2022–2023 CFP

the words

Each year, the Lab releases a Call for Proposals (CFP) for the purpose of funding practical and applied interdisciplinary research in tech ethics.

The focus of the 2022–2023 CFP is “Auditing AI.”

Information about the award winners is included below. Final deliverables—e.g., training modules, proof-of-concept-tools, audit frameworks, etc.—will be accessible through the Lab’s website after they have been completed.

*Note: While the application period for the 2022–2023 CFP has closed, you can refer to the application packet that was used for more information about the CFP process.

Award Winners

AI Audits for Whom? A Community-centric Approach to Rebuilding Public Trust in Singapore

Awardees: Jason Grant Allen (Singapore Management University), Sharanya Shanmugam (Singapore Management University), Zhang Wenxi (Singapore Management University)

The governance of artificial intelligence (AI) to mitigate societal and individual harm through ethics-by-design calls for equal attention to responsible data use before public trust can be conferred to AI technologies.

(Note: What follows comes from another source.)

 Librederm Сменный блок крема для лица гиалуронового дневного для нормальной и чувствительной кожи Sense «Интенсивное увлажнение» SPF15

Since trust is fundamentally rooted in community relationships, AI regulators seeking public acceptance toward AI innovation must attend to community-centric pathways to integrate data subjects’ voices in AI ethical decision-making. While traditional actuarial methods in financial audits can indicate a diverse range of evidence used to determine legal compliance, the researchers suggest that community interests and data subjects’ voices should not be absent in AI audit models. This research proposal will explore Singaporean (and Asian) perspectives on AI regulation to inform the motivations for using AI audits to rebuild public trust. Research analysis on the proposed scope and methodologies of AI audits will be followed by recommendations on the relevant skillsets for future AI auditors.

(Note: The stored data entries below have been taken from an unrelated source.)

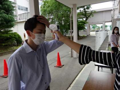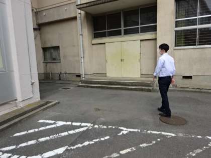 もし、発熱・呼吸器症状・味覚障害等の症状が認められたら、校内には入らず(万が一のリスクを考えて、他の人にうつさないためです)外の待機場所に。
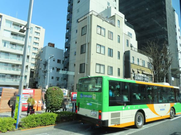 この区間では都営バスも多く運行しているが、都営バスの方は晴海通り沿いに多数の停留所があるのに対し、こちらは日本橋高島屋を出ると晴海トリトンスクエアまで無停車である。混雑の程度も、都営バスは立ち客も多いが、こちらは客は多いものの、立っている客はいない。
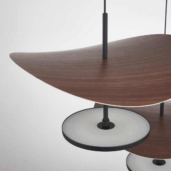 Colgante LED de 52,5cm acabado en negro y madera oscura. 32W 3000K 2970 lm TRIAC
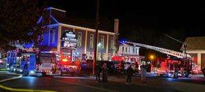 Fire companies from Schuylkill and Carbon counties are on scene of a multi alarm fire at the apartment by the Arts Center in Tamaqua. The blaze was reported around 10:30 p m. of a home on fire with entrapment in the 100 block of Pine Street. When firefighters arrived on scene they found two people trapped on a first floor roof with heavy flames showing out of the rear of the two story wood frame dwelling.

Algorithm Auditing, The Book

Awardee: Christian Sandvig (University of Michigan)

Would-be algorithm auditors presently have little guidance to begin learning about their research method. This project proposes to use an experimental writing process—the “book sprint”—to produce a short book about algorithm auditing. The book would be written by successful auditors and their legal advisors in a concise, accessible style, and published by a respected press. As a crossover title it would aim at both potential auditors (including algorithm designers, investigative journalists, and academic researchers) and others who wish to understand this area (including policymakers, regulators, and the general public). It will be grounded in the longstanding social scientific audit study literature, also known as correspondence studies or paired testing, giving it a distinctive voice. These foundational ideas will be updated and applied to contemporary systems by leading researchers in computing, employing real-world examples from cutting-edge contemporary audits.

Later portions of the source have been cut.